In Example 149, the subject matter of any one of Examples 144 to 148 can optionally include that the means for determining whether a further vehicle is approaching the vehicle from a backside or a lateral side are configured to determine whether a further vehicle is approaching the vehicle from a backside or a lateral side in a predetermined time after it has been determined that the vehicle has to stop or reduce its velocity.
In Example 150, the subject matter of any one of Examples 144 to 149 can optionally include that the means for determining whether a further vehicle is approaching the vehicle from a backside or a lateral side are configured to determine whether a further vehicle is approaching the vehicle from a backside or a lateral side while the vehicle is reducing its velocity to stop.
In Example 151, the subject matter of any one of Examples 144 to 150 can optionally include that the means for determining whether a further vehicle is approaching the vehicle from a backside or a lateral side are configured to determine whether a further vehicle is approaching the vehicle from a backside or a lateral side while the vehicle is stopped.
In Example 152, the subject matter of any one of Examples 144 to 151 can optionally include that the means for determining whether a further vehicle is approaching the vehicle from a backside or a lateral side are configured to determine whether a further vehicle is approaching the vehicle from a backside or a lateral side while the vehicle is moving with reduced velocity.
Example 153 is a vehicle including the safety system according to any one of Examples 144 to 152 and means for controlling the vehicle in accordance with control instructions provided by the safety system.
While the above descriptions and connected figures may depict electronic device components as separate elements, skilled persons will appreciate the various possibilities to combine or integrate discrete elements into a single element.
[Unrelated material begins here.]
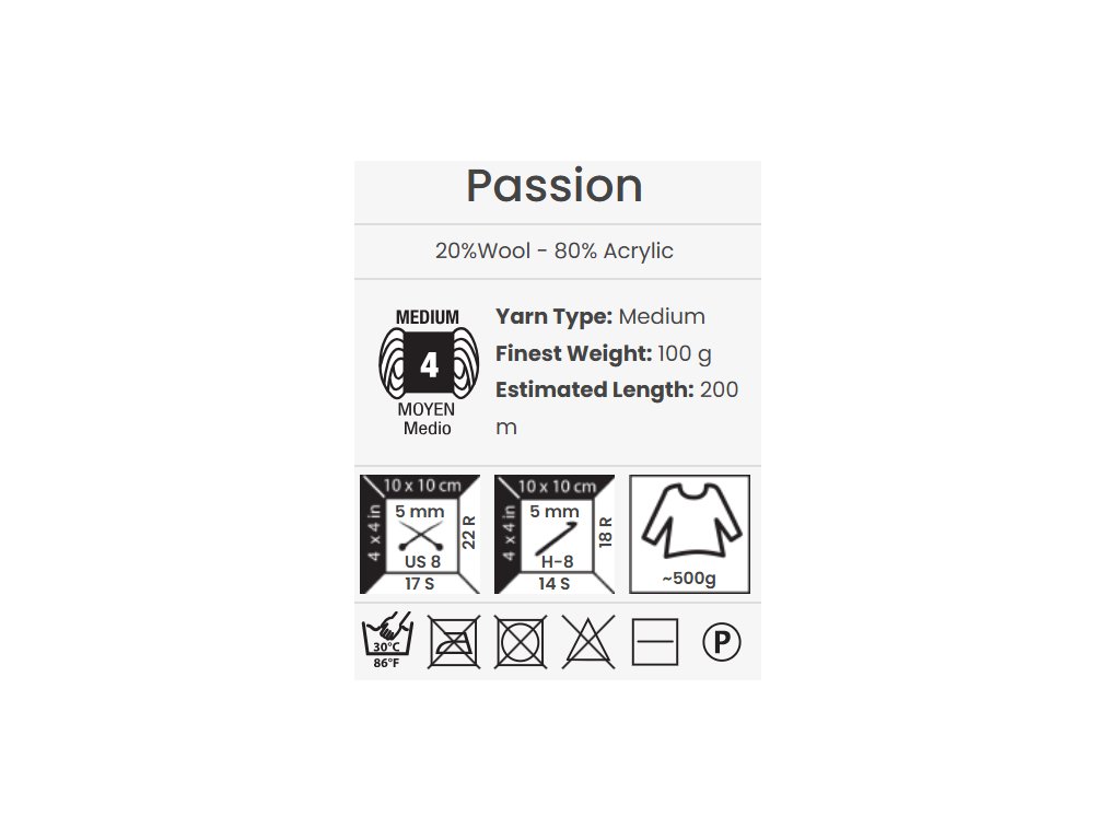 Co se týče barevného spektra, Passion nabízí širokou škálu odstínů, od zářivých až po neutrální tóny. Barvy jsou živé a bohaté, což dodává vašim výrobkům nádherný a elegantní vzhled. Bez ohledu na to, zda vytváříte šály, čepice, čelenky, svetry, vesty nebo útulné přehozy a deky.

Such may include combining two or more circuits for form a single circuit, mounting two or more circuits onto a common chip or chassis to form an integrated element, executing discrete software components on a common processor core, etc. Conversely, skilled persons will recognize the possibility to separate a single element into two or more discrete elements, such as splitting a single circuit into two or more separate circuits, separating a chip or chassis into discrete elements originally provided thereon, separating a software component into two or more sections and executing each on a separate processor core, etc.
It is appreciated that implementations of methods detailed herein are demonstrative in nature, and are thus understood as capable of being implemented in a corresponding device. Likewise, it is appreciated that implementations of devices detailed herein are understood as capable of being implemented as a corresponding method. It is thus understood that a device corresponding to a method detailed herein may include one or more components configured to perform each aspect of the related method.
All acronyms defined in the above description additionally hold in all claims included herein.